Ship Rock (the name preferred in some geologic studies) is composed of fractured volcanic breccia and black dikes of igneous rock called "minette." It is the erosional remnant of the throat of a volcano, and the volcanic breccia formed in a diatreme. The exposed rock probably was originally formed 2,500-3000 feet (750-1,000 meters) below the earth's surface, but it was exposed after millions of years of erosion. Wall-like sheets of minette, known as dikes, radiate away from the central formation. Radiometric age determinations of the minette establish that these volcanic rocks solidified about 27 million years ago. Ship Rock is in the northeastern part of the Navajo Volcanic Field; the field includes intrusions and flows of minette and other unusual igneous rocks that formed about 25 million years ago. Agathla, also called "El Capitan," is another prominent volcanic neck of this field.

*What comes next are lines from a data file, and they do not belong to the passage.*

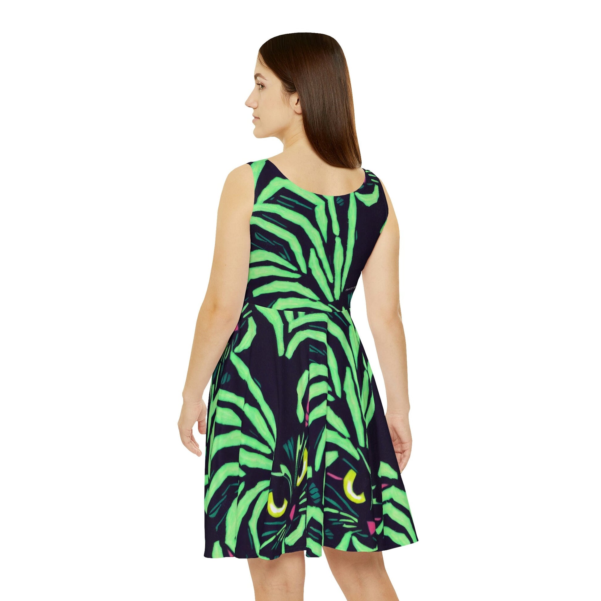 Yellow Eyed Cat Skater Dress, Green Pattern Sleeveless Dress, Spooky Cat Skater Dress for Women, Handmade Mini Skater Dress
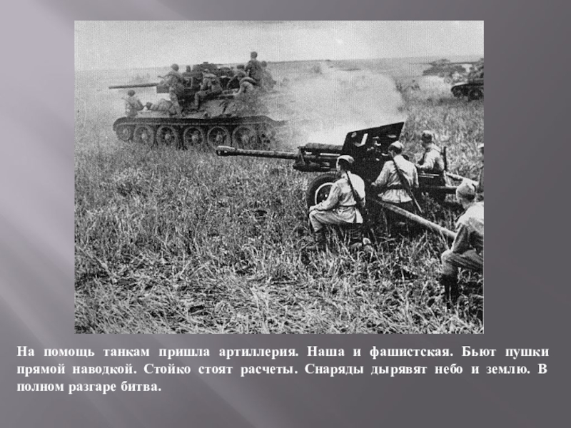 Слайд 10На помощь танкам пришла артиллерия. Наша и фашистская. Бьют пушки прямой
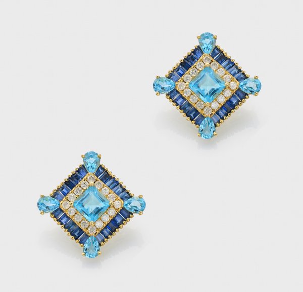 Pair of earrings set with sky blue topazes approx. 2,60 ct., sapphires approx. 1,70 ct. and diamonds approx. 0,44 ct.; in 18 k gold.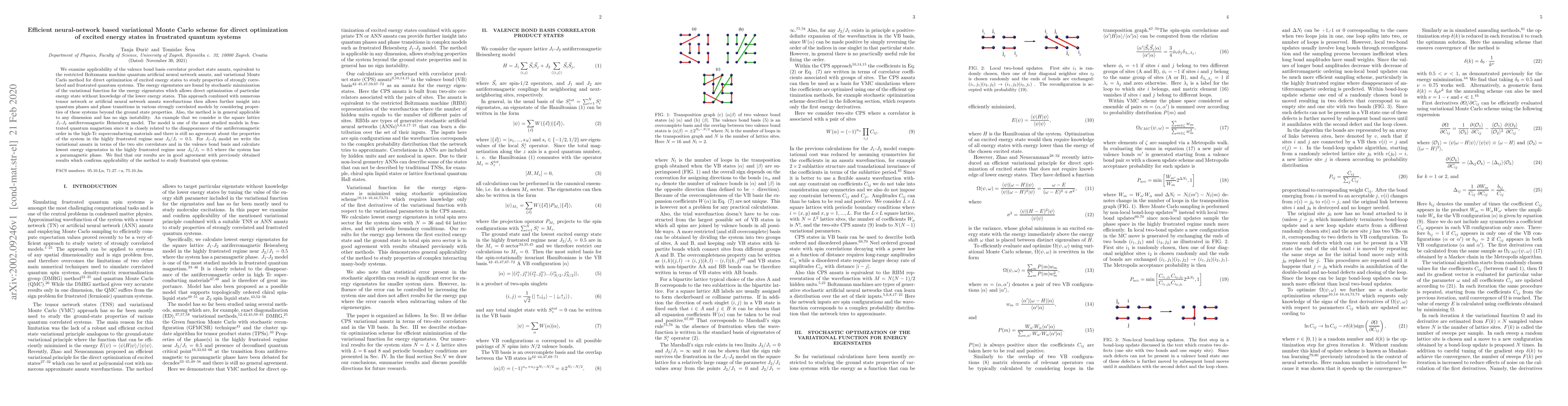 This paper proposes an efficient neural-network based variational Monte Carlo scheme for optimizing excited energy states in frustrated quantum systems. The method uses a valence bond basis correlator product state ansatz and stochastic minimization to directly optimize specific energy states without needing lower energy states, applicable to any dimension and free from sign instability.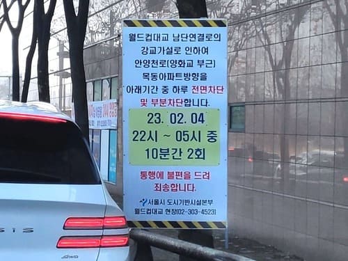 월드컵대교 남단연결로의강교가설로 인하여 안양천로(양화교 부근)목동아파트방향을 아래 기간 중 하루 전면차단 및 부분차단 합니다.목동근린공원 좌회전후 양화교방향 우회전 우회도로 ..

Shiprock's sheer walls make it tempting for serious mountain climbers. After years of standing as one of the continent's great unsolved climbing problems, it was first scaled in 1939, by a Sierra Club party including David R. Brower. Since then at least seven routes have been climbed on the peak, all of them of great technical difficulty. 

However, questions of legality, ownership, and religious significance have always made access to Shiprock dubious. In particular, the Navajo have a number of legends associated with Shiprock, and consider it sacred, so climbing it is currently illegal.

Tony Hillerman's mystery novel The Fallen Man centers on the discovery of a long-dead climber found atop Shiprock.